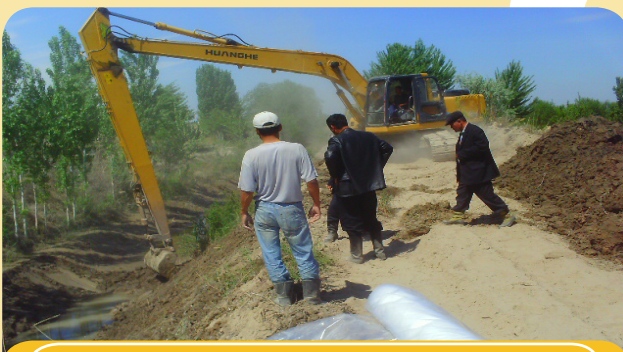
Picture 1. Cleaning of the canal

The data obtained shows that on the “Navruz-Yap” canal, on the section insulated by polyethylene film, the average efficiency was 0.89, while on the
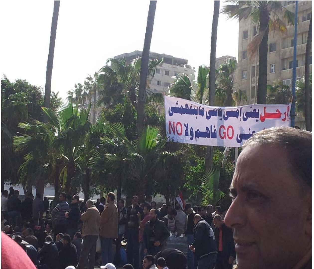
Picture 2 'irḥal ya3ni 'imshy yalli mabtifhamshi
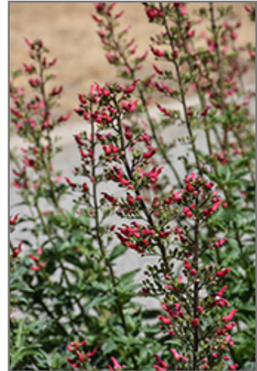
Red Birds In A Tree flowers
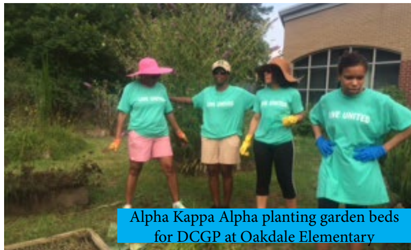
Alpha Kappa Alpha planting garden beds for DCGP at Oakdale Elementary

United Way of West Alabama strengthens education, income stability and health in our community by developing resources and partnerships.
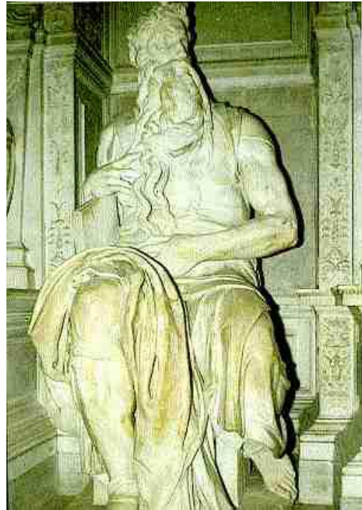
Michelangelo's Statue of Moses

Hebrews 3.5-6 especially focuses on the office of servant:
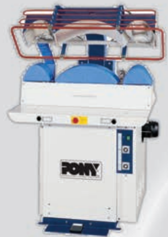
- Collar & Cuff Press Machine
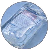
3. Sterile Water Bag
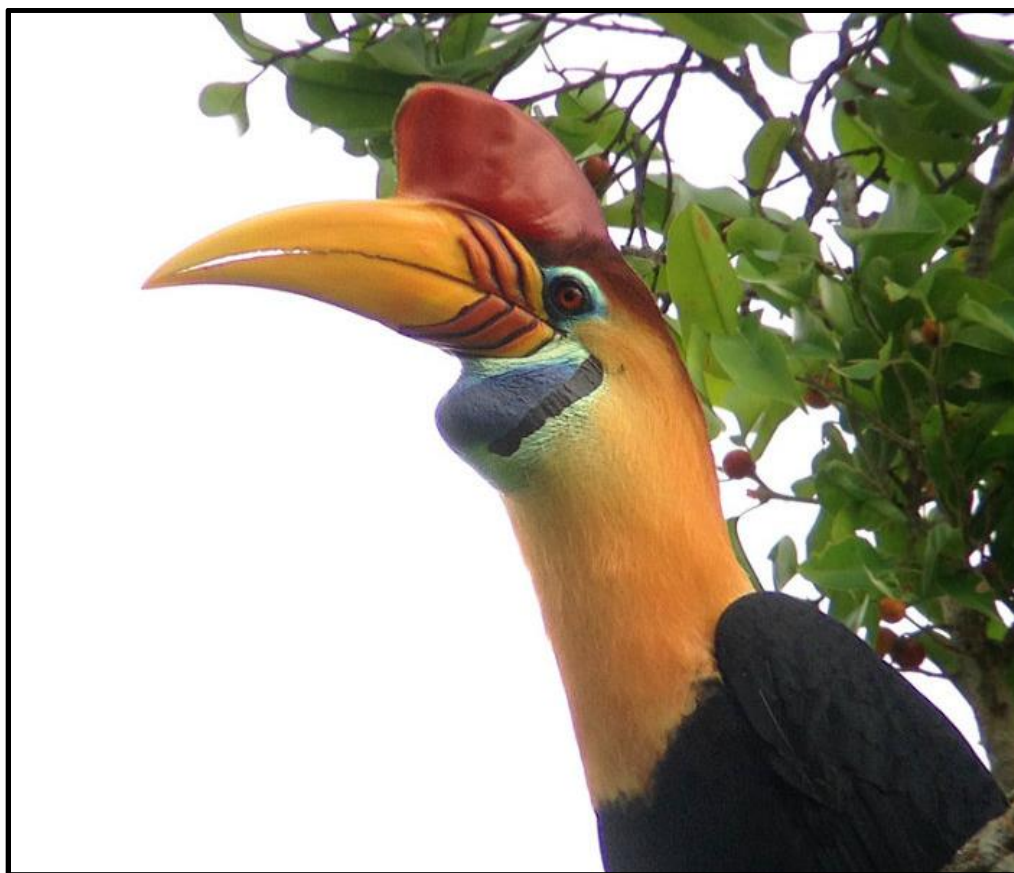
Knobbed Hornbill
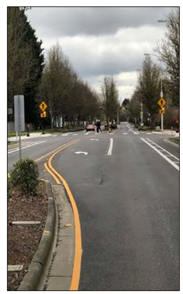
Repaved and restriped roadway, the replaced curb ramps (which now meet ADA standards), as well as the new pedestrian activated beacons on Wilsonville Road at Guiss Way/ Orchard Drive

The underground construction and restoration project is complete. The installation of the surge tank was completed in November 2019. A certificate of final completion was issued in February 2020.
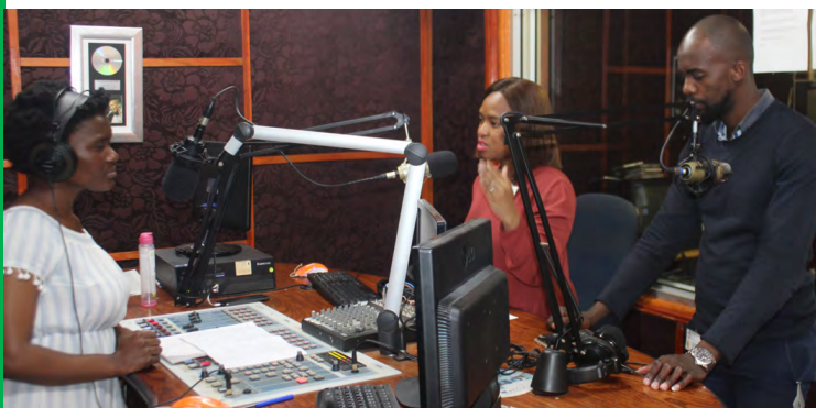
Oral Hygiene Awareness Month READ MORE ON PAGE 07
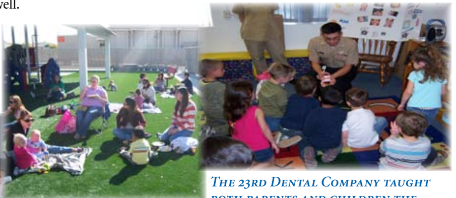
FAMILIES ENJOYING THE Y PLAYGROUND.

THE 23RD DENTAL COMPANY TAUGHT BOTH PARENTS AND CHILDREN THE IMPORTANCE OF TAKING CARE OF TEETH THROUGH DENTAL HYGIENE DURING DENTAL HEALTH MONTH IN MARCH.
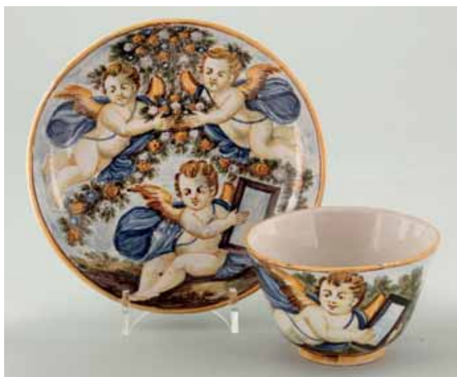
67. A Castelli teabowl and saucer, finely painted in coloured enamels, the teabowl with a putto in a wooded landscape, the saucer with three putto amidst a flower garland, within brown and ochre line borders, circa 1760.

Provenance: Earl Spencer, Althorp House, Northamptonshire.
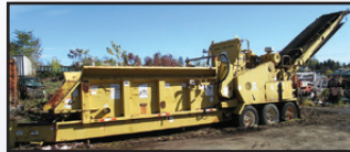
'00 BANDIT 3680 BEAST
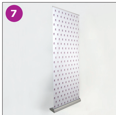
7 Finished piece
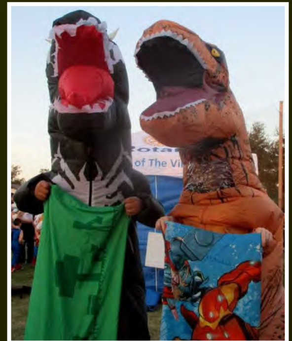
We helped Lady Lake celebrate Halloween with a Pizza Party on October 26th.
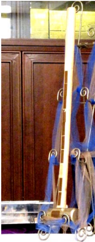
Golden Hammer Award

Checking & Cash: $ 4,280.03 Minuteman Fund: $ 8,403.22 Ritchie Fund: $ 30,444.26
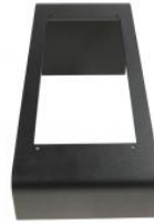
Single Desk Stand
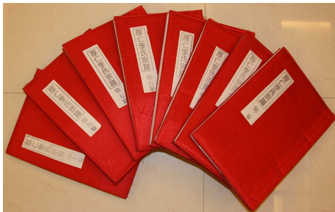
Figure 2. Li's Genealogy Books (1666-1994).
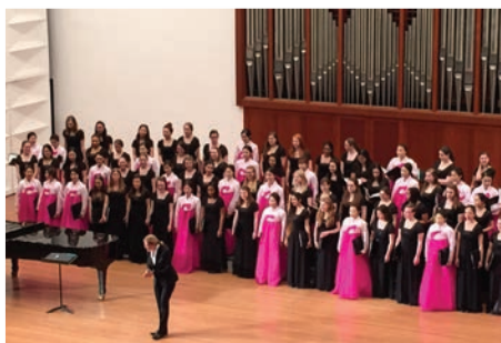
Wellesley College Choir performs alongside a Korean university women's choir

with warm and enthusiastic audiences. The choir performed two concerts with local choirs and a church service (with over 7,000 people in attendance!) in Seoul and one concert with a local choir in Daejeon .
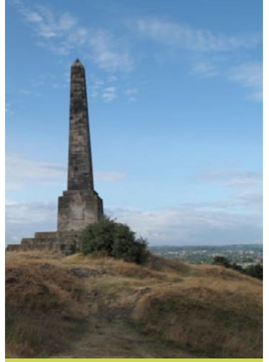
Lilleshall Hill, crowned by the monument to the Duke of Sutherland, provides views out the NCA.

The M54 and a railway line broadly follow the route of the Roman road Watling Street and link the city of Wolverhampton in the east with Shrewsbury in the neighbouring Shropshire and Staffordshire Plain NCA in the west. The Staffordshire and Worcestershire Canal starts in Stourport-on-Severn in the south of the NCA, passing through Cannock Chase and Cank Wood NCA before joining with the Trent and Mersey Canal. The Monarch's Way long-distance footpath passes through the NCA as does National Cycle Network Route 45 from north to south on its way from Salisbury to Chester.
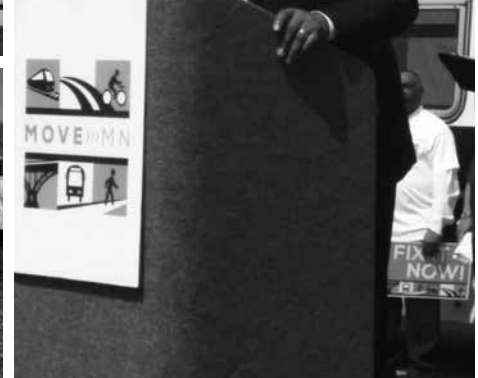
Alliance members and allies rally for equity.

*WORK INSTRUCTIONS*. Wherever the string "choir" turns up in the material, copy the whole line.

*RESPONSE AREA*.
Wellesley College Choir performs alongside a Korean university women's choir
with warm and enthusiastic audiences. The choir performed two concerts with local choirs and a church service (with over 7,000 people in attendance!) in Seoul and one concert with a local choir in Daejeon .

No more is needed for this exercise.